Trump administration cuts medical aid to Palestinians

File photo: Wikimedia Commons/Edi Israel
Sept. 8 (UPI) — More than $20 million in foreign aid to East Jerusalem hospitals was cut from a previously approved U.S. budget, a decision the Trump administration announced Friday.A State Department official said $25 million that was planned for the East Jerusalem Hospital Network, a group of hospitals providing care mostly to Palestinians, will be used for other priorities including programs in the Middle East, Africa, South and East Asia that counter the threat of the Islamic State.

The funding also will be redirected to counter threats by Syria, Iran and North Korea and help Columbia and other countries manage migrants from Venezuela.

The cut is part of President Donald Trump‘s plan to pressure Palestinians to make a peace deal with Israel.

Adnan Husseini, Palestinian Authority minister for Jerusalem affairs said the move is not surprising.

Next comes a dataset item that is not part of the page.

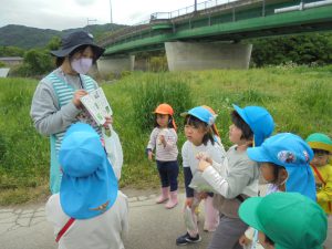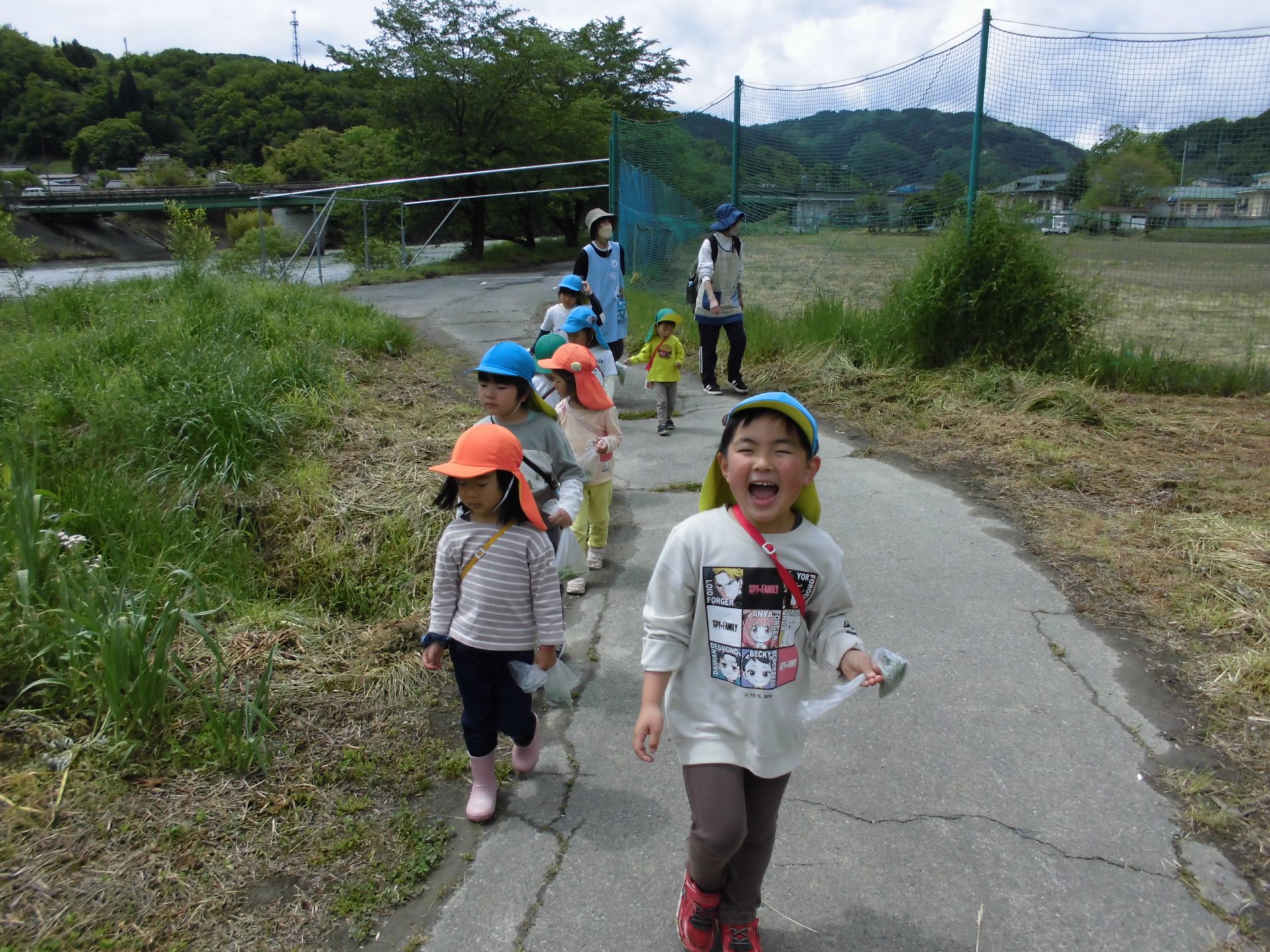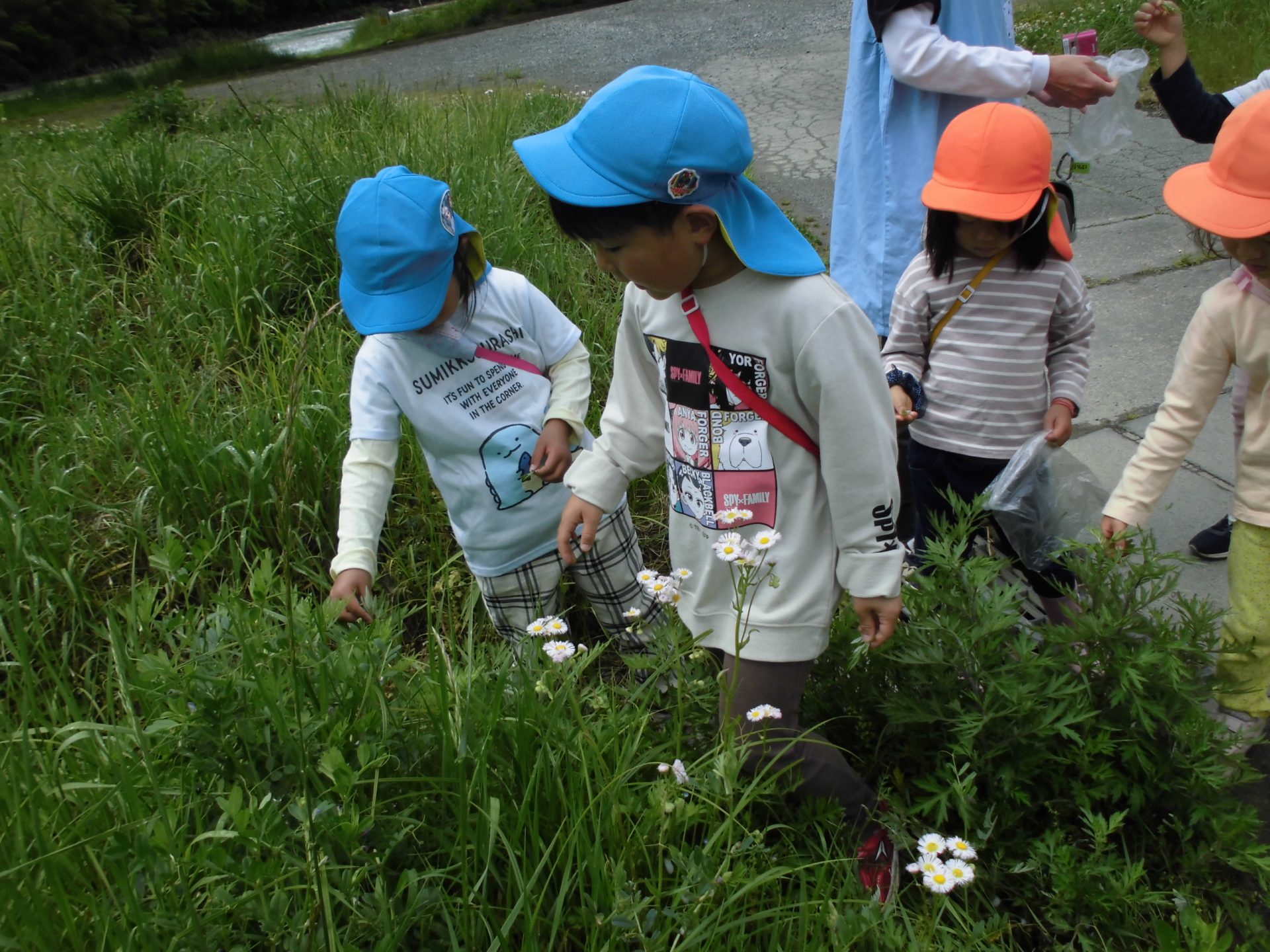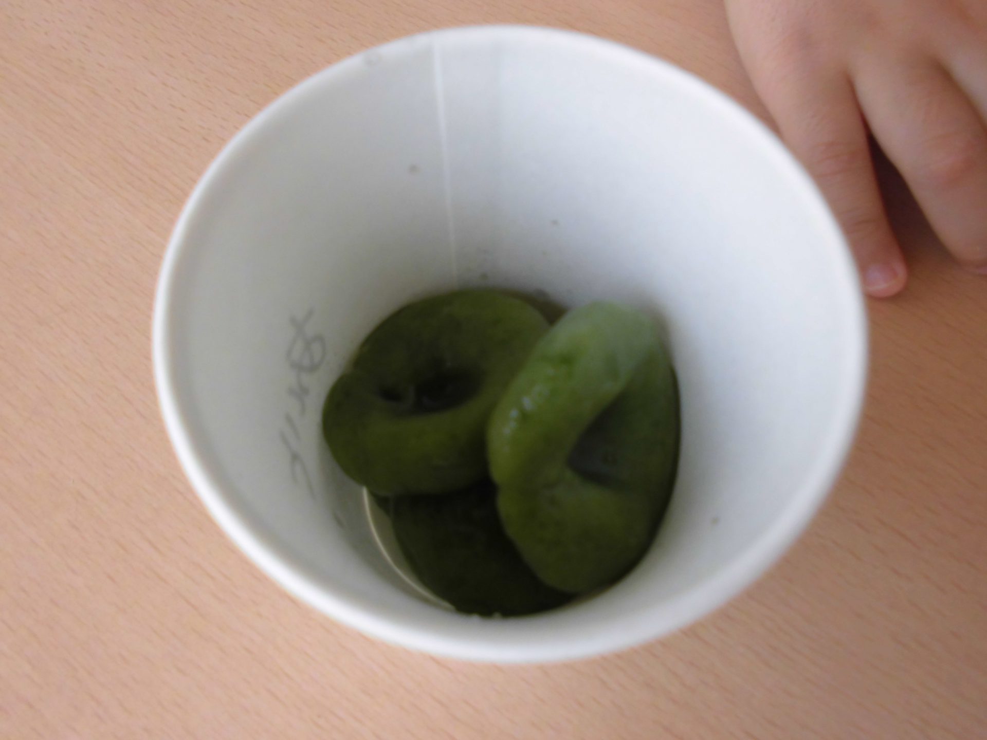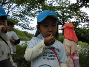 ・新芽と他の葉の色が違うことに気付く。『上の方は少し黄緑色してる!』『下はもっと緑だね』

“Let America know that all these acts will not change our position toward our cause one bit. On the contrary, it consolidates our positions toward every issue, including Jerusalem,” Husseini said.

Dave Harden, a former U.S. official overseeing aid to the Palestinians under the Obama administration, said the move was “particularly vindictive” and could cause the collapse of hospitals including Augusta Victoria Hospital, run by the Lutheran World Federation, and St. John Eye Hospital.

Hanan Ashrawia, executive committee member of the Palestine Liberation Organization, said the act is “political blackmail” that goes against the norms of human decency and morality.

Ashrawia said cutting vital funds to hospitals in East Jerusalem could cause serious instability and grave harm to thousands of Palestinian patients and their families from across the West Bank and Gaza Strip and hurt the livelihood of thousands of workers in the Palestinian healthcare sector.

The Trump administration has cut more than $200 million in aid to Palestinians in the West Bank and Gaza. The aid that was part of the State Department’s Economic Support and Development Fund, allocations planned for West Bank and Gaza programs totaling around $230 million.

Since January, the money had been frozen because Trump ordered a review to make sure it was being spent in the U.S. national interest.

“But with the Palestinians no longer willing to talk peace, why should we make any of these massive future payments to them?” Trump had tweeted about the funding.